When a spin turn or a lateral movement is performed while the autonomous mobile trolley 1 is running, the autonomous mobile trolley is driven by the frictional force between the nozzle 42 of the installed household vacuum cleaner 40 and the work surface 60. In some cases, the load on the traveling unit 10 may increase and the wheels may slip. The three mechanisms for raising and lowering the nozzle 42 can prevent wheel slippage by lifting the nozzle 42 when performing a spin turn or a lateral movement.

Further, the holding unit 30 is moved up and down to
The following mechanism can be used to ground the work surface to the work surface 60. Also in this mechanism, the position of the nozzle pipe 41 with respect to the holding unit 30 is fixed.

FIG. 11 is a view for explaining a mechanism for bringing the nozzle 42 into contact with the work surface 60. In this mechanism, the above components such as the motor, the cam, and the lever are unnecessary.

In FIG. 11A, one end of the holding portion 30 is rotatably attached to the mounting portion 20 by a fulcrum 83. The nozzle 42 rotates in the direction of arrow D9 in accordance with the work surface 60, and the nozzle 42 comes into contact with the work surface 60 by its own weight. Also, if the spring is urged in the direction of the work surface 60,
The nozzle 42 can be brought into close contact with the work surface 60 more closely.

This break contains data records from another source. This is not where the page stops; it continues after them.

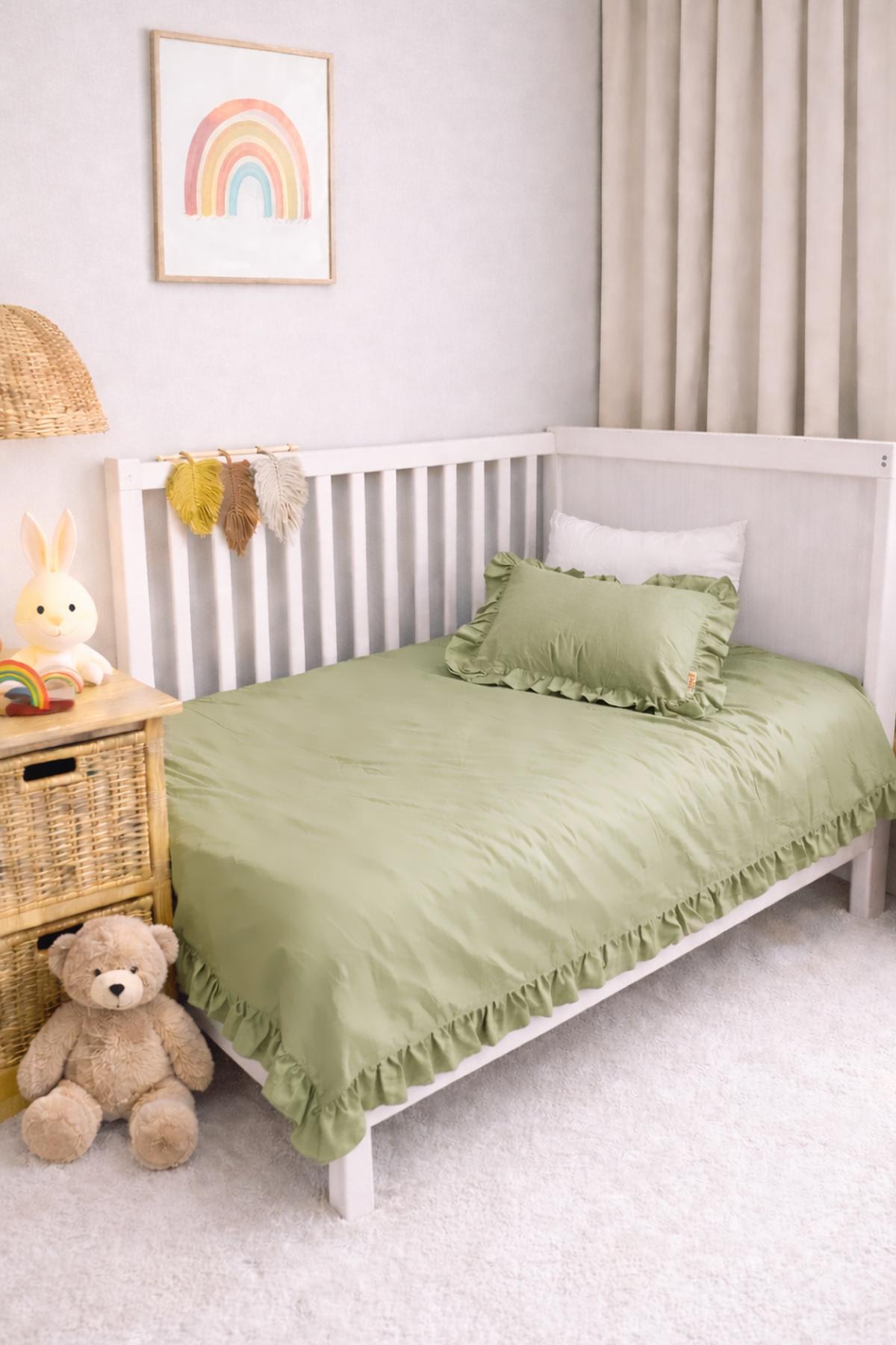 %100 Pamuk Farbalalı / Fırfırlı Nevresim Takımı Yeşil
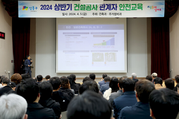 [시민일보 = 박소진 기자] 성동구(구청장 정원오)가 8일 성동구청 대강당에서 관내 건설공사 관계자를 대상으로 건설공사장 내 재난사고 예방 및 안전의식 개선을 위한 교육을 실시한다.
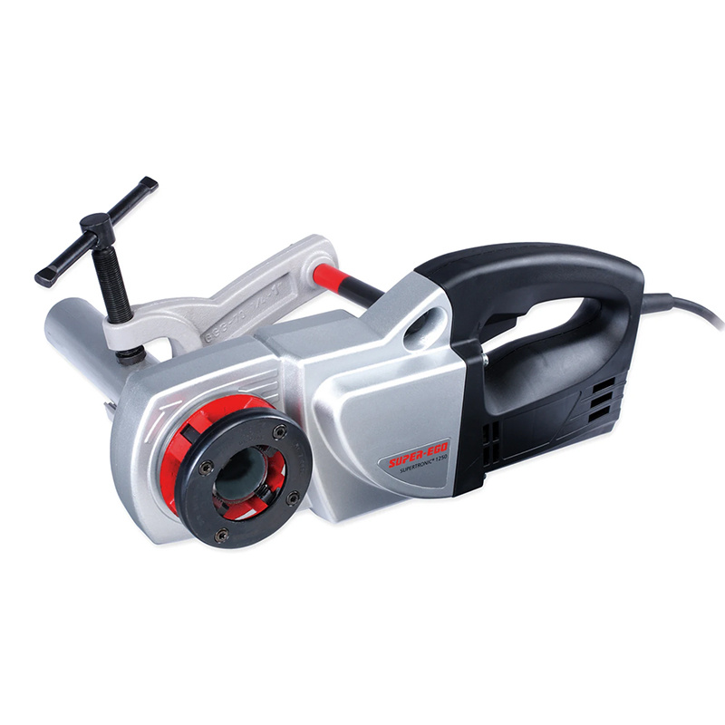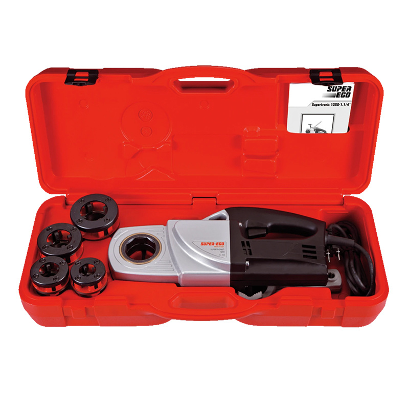Filière électrique SUPERTRONIC 1250 Ø1/2"–1"1/4 BSPT. Inverseur électronique, corps alu, carter renforcé. Zone de filetage ultra-basse. Mallette + 3 têtes incluses.
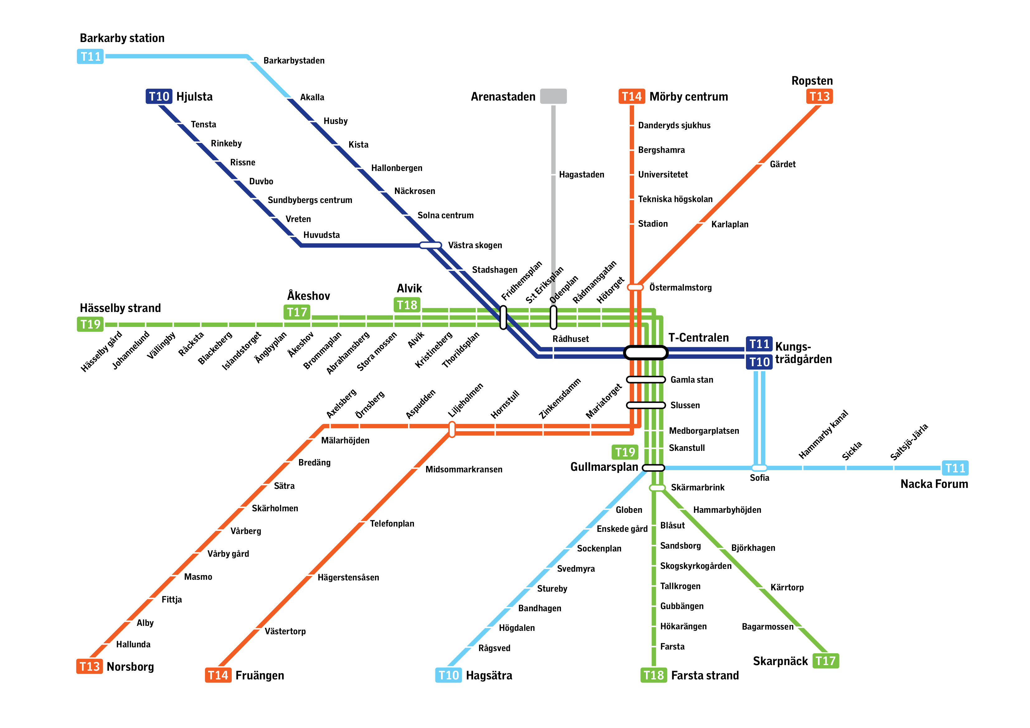 • Dagens gröna linje från Hagsätra till Gullmarsplan förlängs, via den nya stationen vid Sofia, mot Nacka. Hagsätragrenen blir den nya blå linjen.
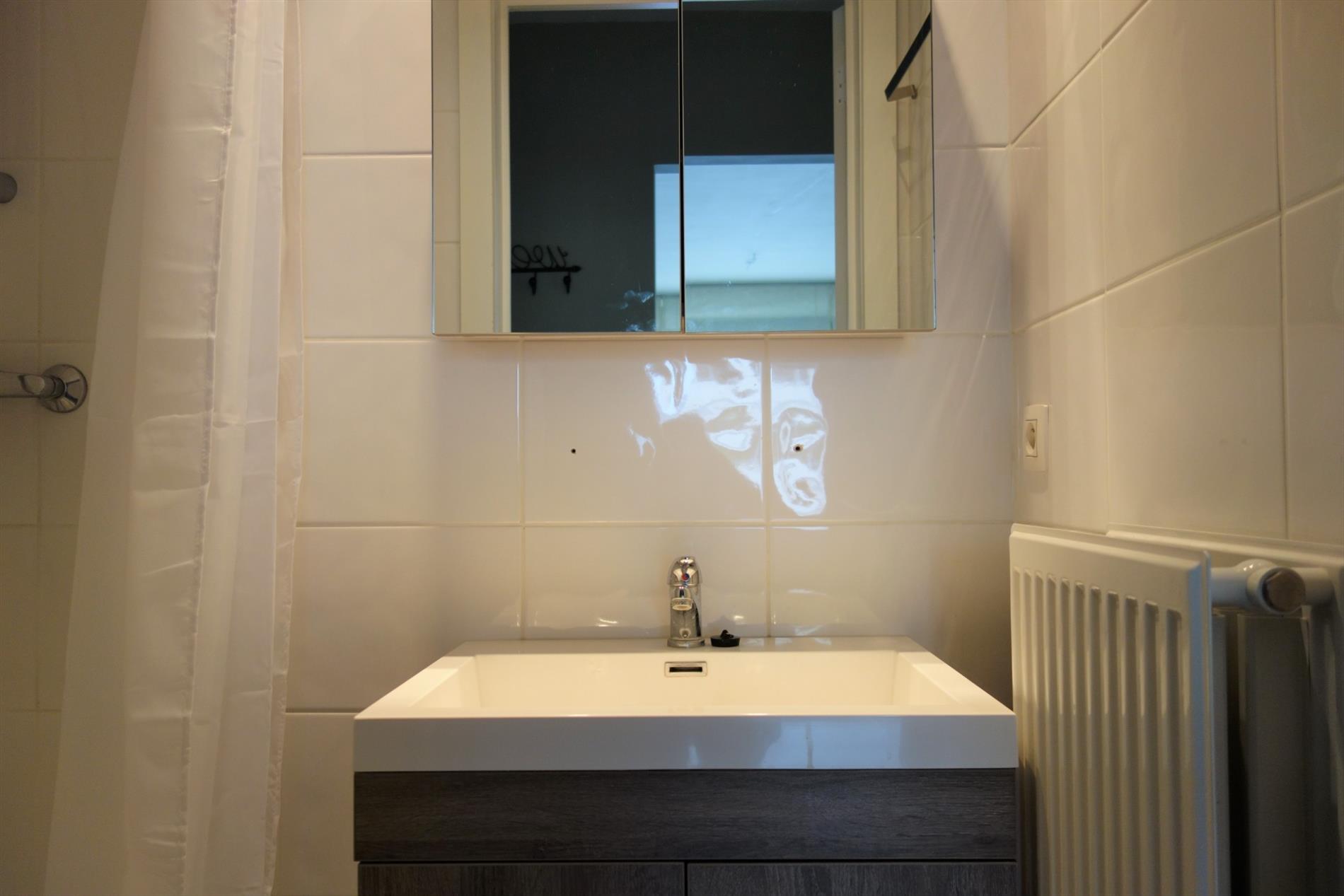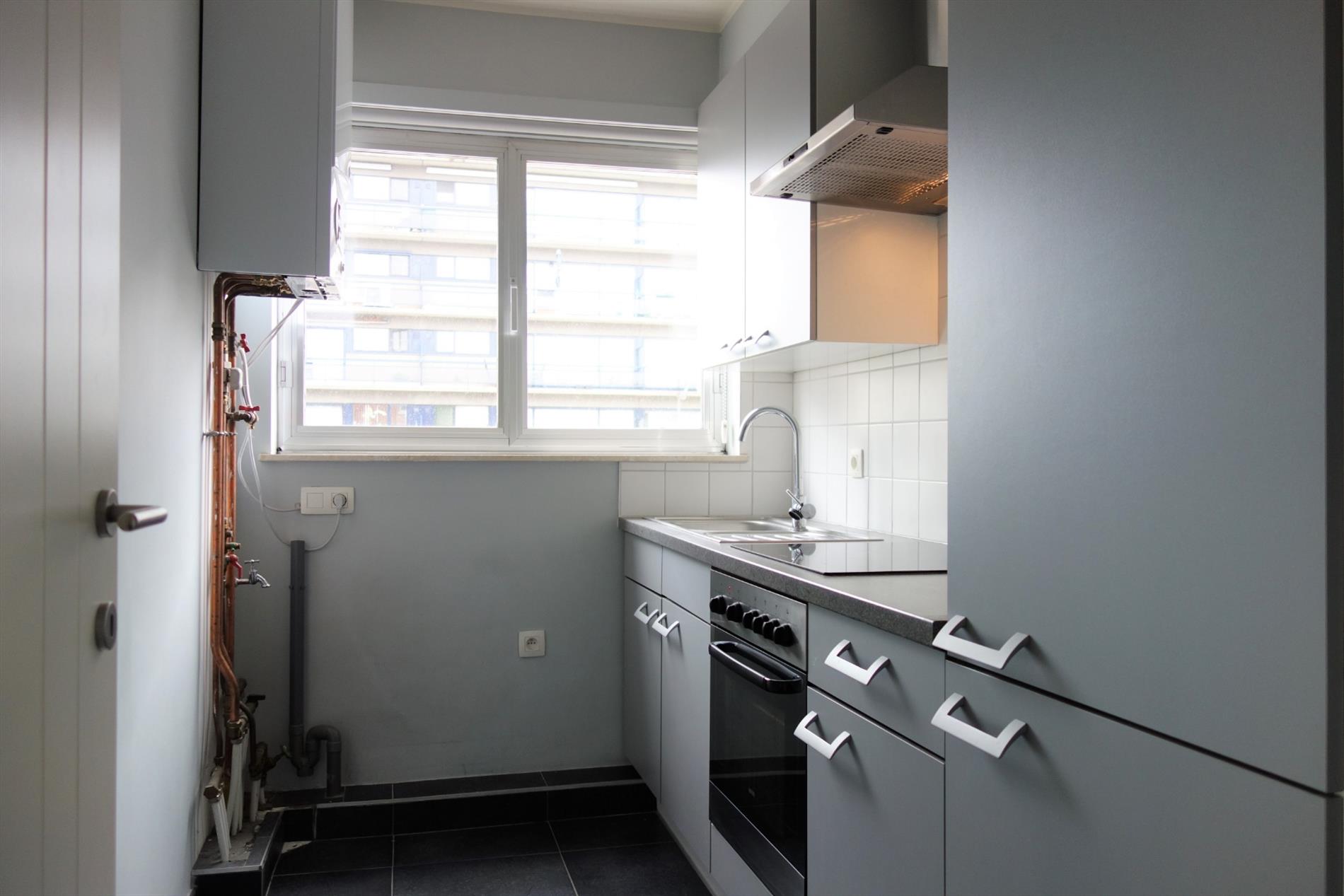 Dit comfortabel appartement is gelegen op de tweede verdieping van een kleinschalig, rustig en verzorgd gebouw. Indeling: een inkomhal met apart toilet, een woonkamer 23m² op tegel, een keuken uitgerust met een koelkast, een elektrisch vuur, een oven en een aansluiting voor uw wasmachine. Tevens is er een hoofdslaapkamer 12m² en een 2e kamer anex bureel 7m² op tegel en met aansluiting voor internet en tv. Een badkamer voorzien van een douche en een wandmeubel. Dit eigendom is gelegen in een rustige woonwijk, doch nabij de buurt van winkels, talrijke invalswegen, de autosnelweg, scholen, het openbaar vervoer en de gekende Kinepolis.

In FIG. 11B, one end of the holding portion 30 is slidably attached to the mounting portion 2 by a slider 85. Nozzle 42 is aligned with work surface 60 by arrow D
Sliding in ten directions, the nozzle 42 comes into contact with the work surface 60 by its own weight. When the spring is urged toward the work surface 60 using a spring, the nozzle 42 can be brought into more close contact with the work surface 60.

[Brief description of the drawings]

FIG. 1 is a diagram showing an autonomous mobile trolley 1 (partial cross section) equipped with a household vacuum cleaner 40, which is one of the embodiments of the present invention.

FIG. 2 is a view showing an autonomous mobile trolley 1 (partial cross section).

FIG. 3 is a schematic sectional view for explaining the configuration of the autonomous mobile trolley 1;

FIG. 4 is a top view for explaining a configuration around a holding unit 30 viewed from the direction of arrow A in FIG. 2;

FIG. 5 is a side view for explaining the configuration around the holding unit 30 as viewed from the direction of arrow B in FIG.

FIG. 6 is a view for explaining a nozzle free sliding state of a nozzle pipe 41 of the household vacuum cleaner 40.

FIG. 7 is a diagram for explaining a nozzle elevating control state of a nozzle pipe 41 of the household vacuum cleaner 40.

FIG. 8 is a diagram for explaining a process of lifting the nozzle pipe 41.

FIG. 9 is a view for explaining a first mechanism for raising and lowering a holding unit 30;

FIG. 10 is a view for explaining a second mechanism for raising and lowering the holding unit 30.

FIG. 11 is a view for explaining a mechanism for grounding the nozzle to the work surface.

[Explanation of symbols]

 DESCRIPTION OF SYMBOLS 1 Autonomous mobile trolley 10 Running part 20 Mounting part 30 Holding part 40 Household vacuum cleaner 41 Nozzle pipe 42 Nozzle

Claims (3)

[Claims] 1. An autonomous mobile vehicle that autonomously moves to perform a predetermined operation on a work surface, and has a work unit that can work independently on the work surface. An autonomous mobile vehicle, comprising: mounting means for mounting; and grounding means for appropriately grounding the working section of the work equipment to the work surface. 2. The autonomous mobile vehicle according to claim 1, wherein the grounding means moves a working unit of the work equipment in a vertical direction. 3. The autonomous mobile vehicle according to claim 1, wherein the grounding means rotates a working part of the work equipment in a plane intersecting the work surface.